In addition, depending on the methods we decide to undertake and the results we receive, it may be necessary to cover some concepts related to news presentation. For example, how does context influence a person's perception of a news item? Does an individual's understanding of an article on "total information awareness" differ if it is displayed within a Technology or General News section?
Google wants to know what's in our brains, where we're coming from, and what we want. Google wants to know context, so it can personalize its search results. Blogger is a tool that keeps track of a user's decisions and thought processes. Blogger gets inside our heads.
I interact with Google everyday. With Blogger, I leave my fingerprints all over the web, and I take home a little bit of the web with me. Google understands that my interaction with the Internet is valuable because I am in fact a tiny little data-miner, a categorization engine, and a commentator.
Jason Kottke writes that Google's biggest asset is "a highly annotated map of the web." But it's more than that. With news.google.com, Google is showing me the part of the map I want to look at before I've even asked. It's more of a map, a guide, and some instant transportation device.
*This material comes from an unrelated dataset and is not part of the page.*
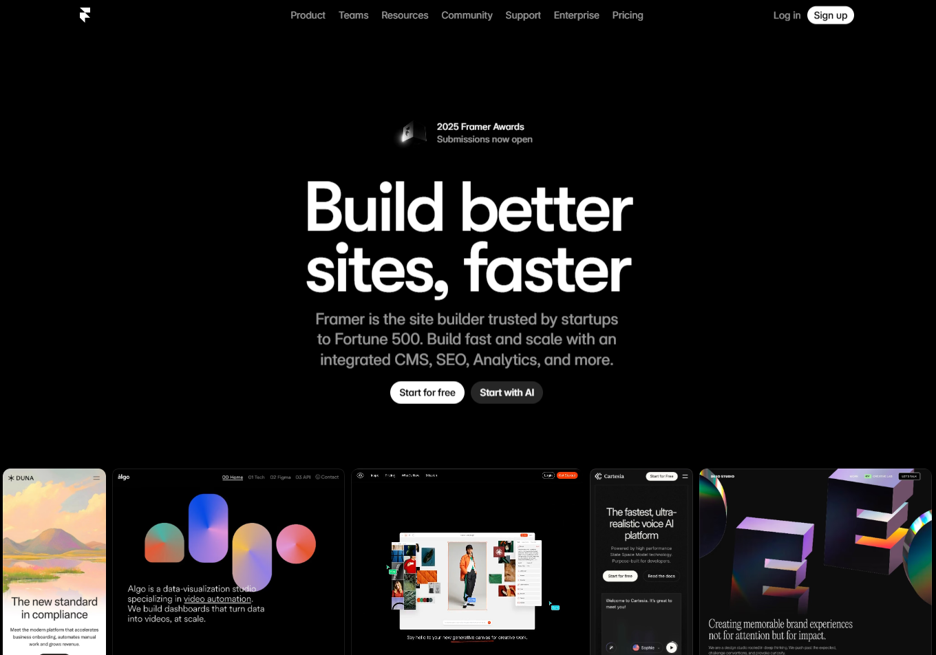 Framer stands out as a design-first AI website builder that gives professionals complete creative control. What started as a prototyping tool has grown into a complete platform. Now you can create responsive, professional websites without writing code.

How far away are we from an interactive Blogger? I post a link. Blogger hands a few back to me. Even better, Blogger hands me links annotated by humans like you or I. Now we're moving into the realm of broadcasting. Blogger provides critical analysis of the AP and Reuters-like wire feeds that Google has already parsed and the news is customized according to who's looking.
Google most valuable asset is that it knows what we want, and it can give it to us before we even ask for it. And that's entertainment.